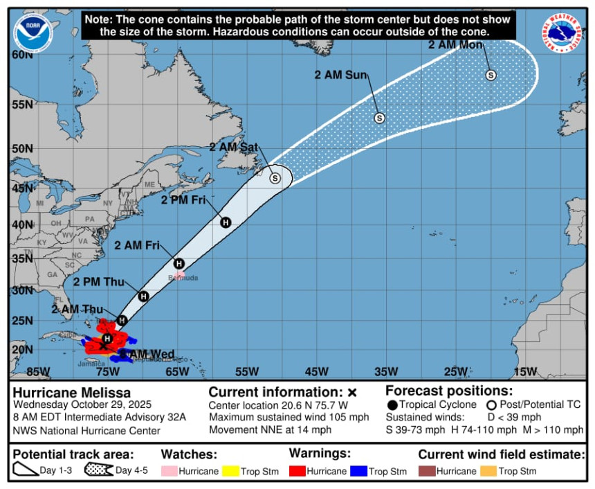 En cuanto al huracán Melissa, el Indomet precisó que el poderoso sistema, categoría 3 en la escala Saffir-Simpson, se localiza a unos 95 km al oeste de Guantánamo (Cuba) y a unos 370 km del centro de las islas Bahamas, moviéndose hacia el noreste, a unos 19 km/h, con vientos máximos sostenidos de 185 km/h y ráfagas superiores.
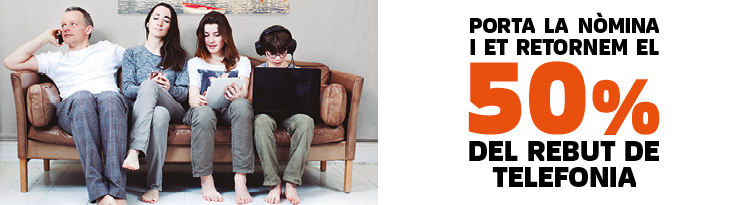 * Per participar en la promoció cal domiciliar una nova nòmina d'import mínim 600 € o pensió d'import mínim 300 €. Es retornarà el 50% del rebut de telefonia durant tres mesos (març, abril i maig de 2016), un rebut al mes, el d'import superior.Devolució màxima mensual de 25€. Devolució màxima global de la promoció: 75 €.
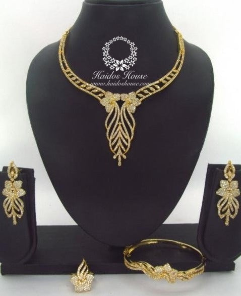 Beautiful 18k-22k tarnish resistant jewelry sets. These designs are unique and exquisite enough for any event! Set comes with Necklace, earrings, bracelet and ring. Need more than 1 set? Give us a call at 855.424.3671 or send us an email: info@haidoshouse.com You can also find us on IG @HaidosHouse and Like our facebook page: Haidos House
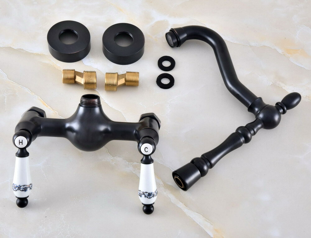 Double Handle Oil Rubbed Brass Basin Mixer Tap Kitchen Bathroom Faucet 2nf861
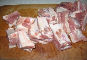 Разразаем рабры на невялікія кавалачкі. Калі вам трапіліся вельмі тлушчныя рабры, рэкамендую зняць частку тлушчу.
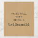Ein minimalistisches und Vintages Design für Ihr Hochzeitsgeschenk: Wählen Sie diese Retro-und dennoch moderne Hochzeitssuite mit einem Schriftart für Schreibmaschinen und einem kraftvollen Hintergrund. "Pairs well with being bridesmaid" Custom wine label! Ein origineller Vorschlag für eine Brautjungfrau, der perfekt für ein Set in einer Brautjacke geeignet ist.
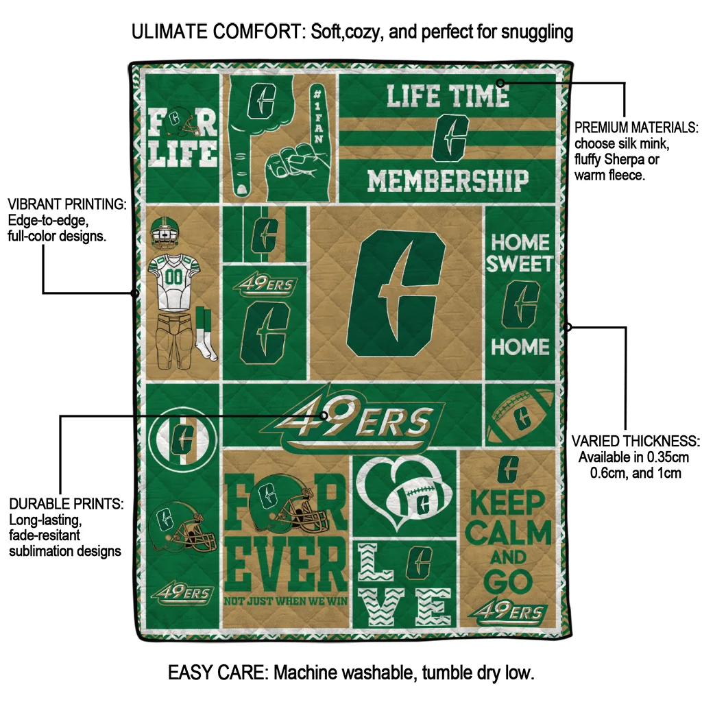 Wrap yourself in warmth and pride with the Custom Charlotte 49ers Helmet Passion Green Quilt Blanket from the Charlotte 49ers Blankets collection at Yes That Blanket. Made from 100% premium quilting-weight polyester blended with a touch of microfiber, this quilt offers a smooth, soft finish you’ll love. Choose between two quilting styles—Stipple or Diagonal—and enjoy the comfort of a cotton-filled layer inside that adds extra coziness for every season. The border is available in classic black or white, giving your design a clean, timeless edge.
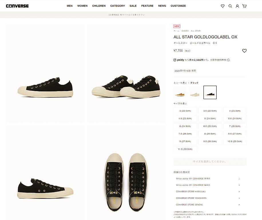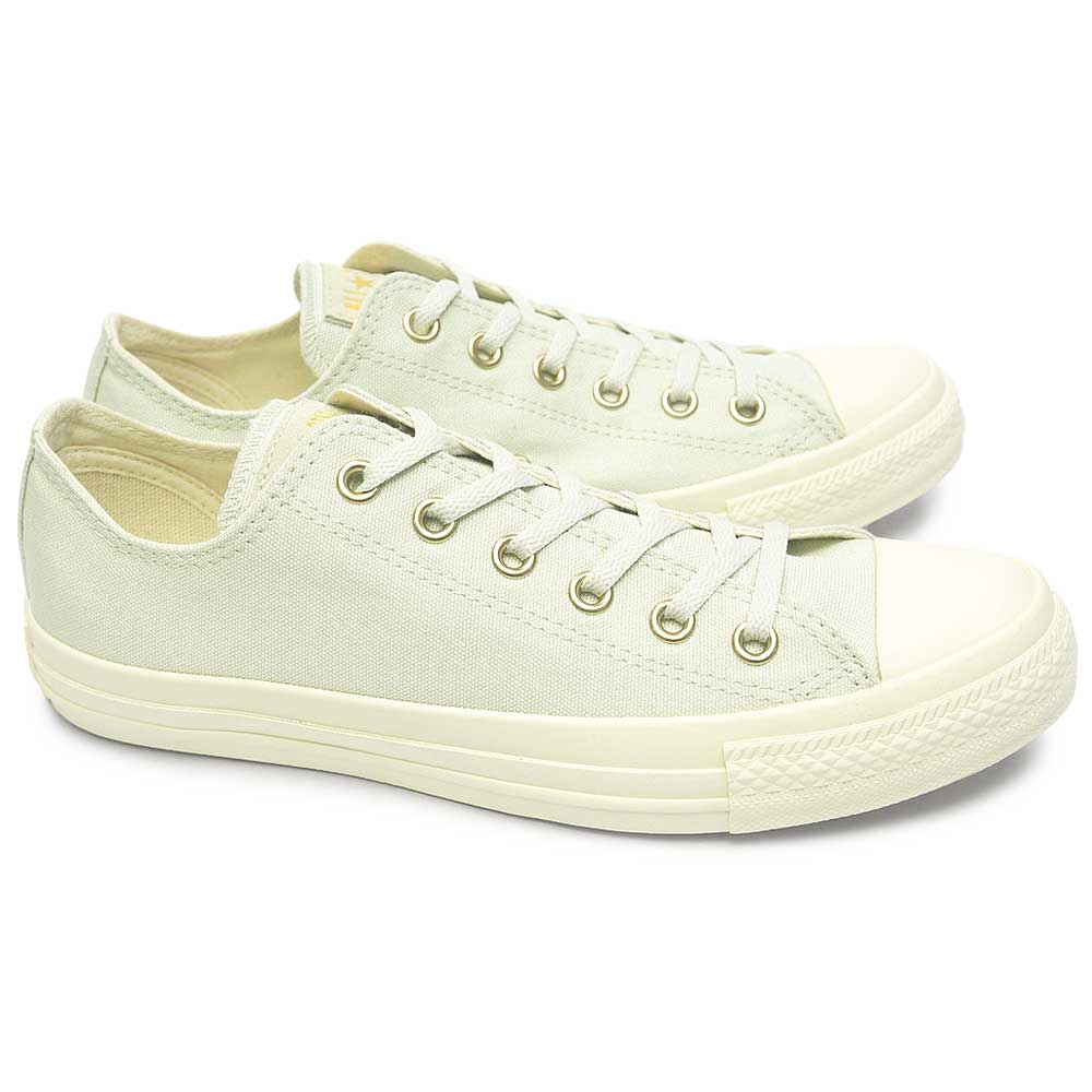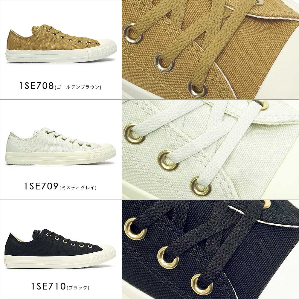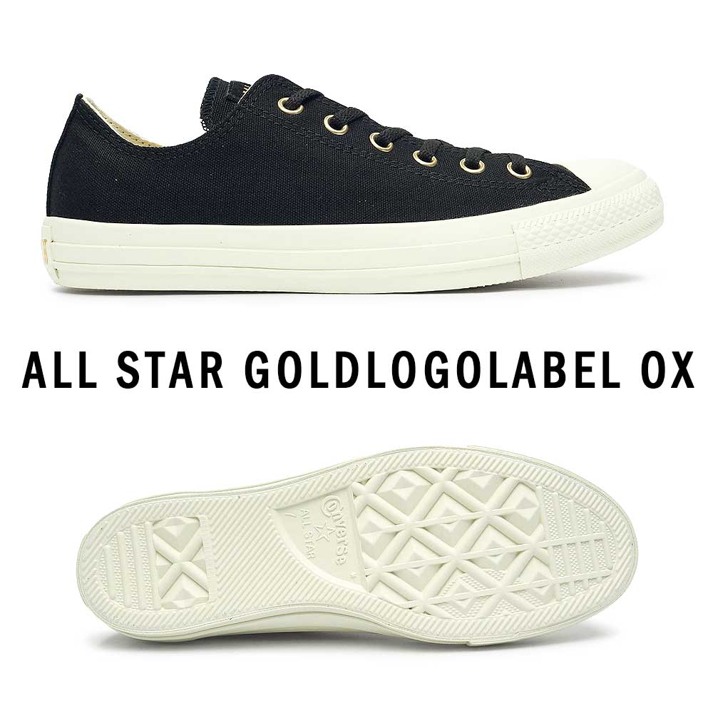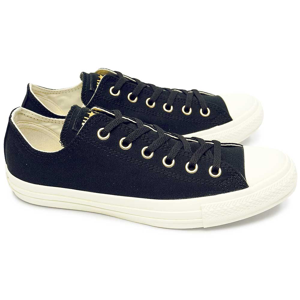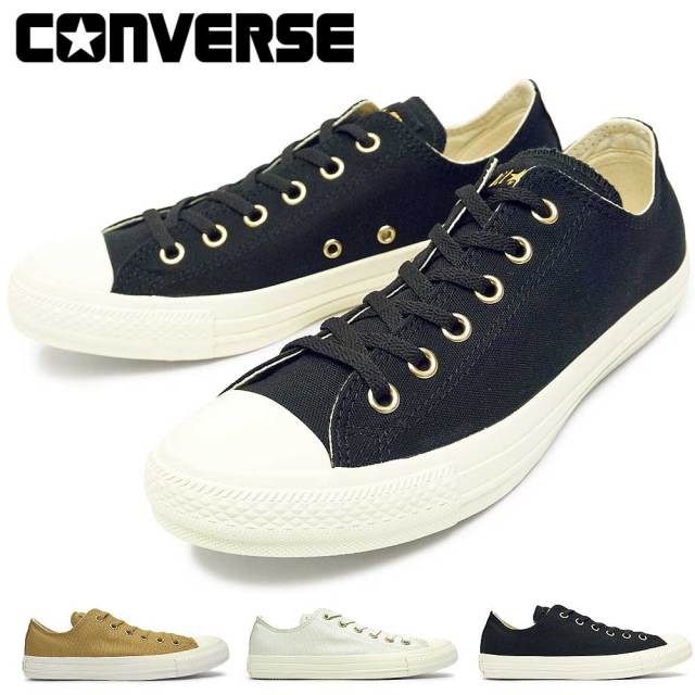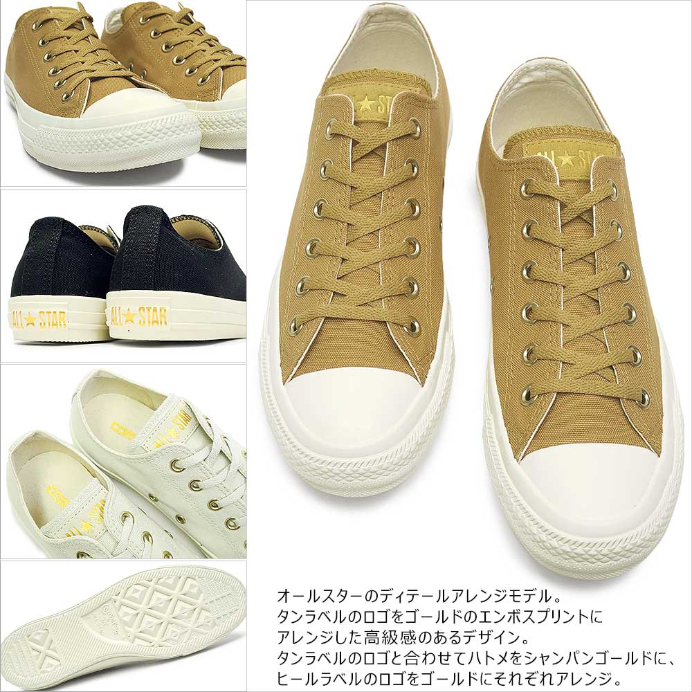 オールスターのディテールアレンジモデル。タンラベルのロゴをゴールドのエンボスプリントにアレンジした高級感のあるデザイン。
======
§ Activity: Word for word, retype the lines in the entries above that run from the one with "promoció: 75 €." through the one with "Double Handle Oil". Both ends count; pictures do not.

§ Your response:
 * Per participar en la promoció cal domiciliar una nova nòmina d'import mínim 600 € o pensió d'import mínim 300 €. Es retornarà el 50% del rebut de telefonia durant tres mesos (març, abril i maig de 2016), un rebut al mes, el d'import superior.Devolució màxima mensual de 25€. Devolució màxima global de la promoció: 75 €.
 Beautiful 18k-22k tarnish resistant jewelry sets. These designs are unique and exquisite enough for any event! Set comes with Necklace, earrings, bracelet and ring. Need more than 1 set? Give us a call at 855.424.3671 or send us an email: info@haidoshouse.com You can also find us on IG @HaidosHouse and Like our facebook page: Haidos House
 Double Handle Oil Rubbed Brass Basin Mixer Tap Kitchen Bathroom Faucet 2nf861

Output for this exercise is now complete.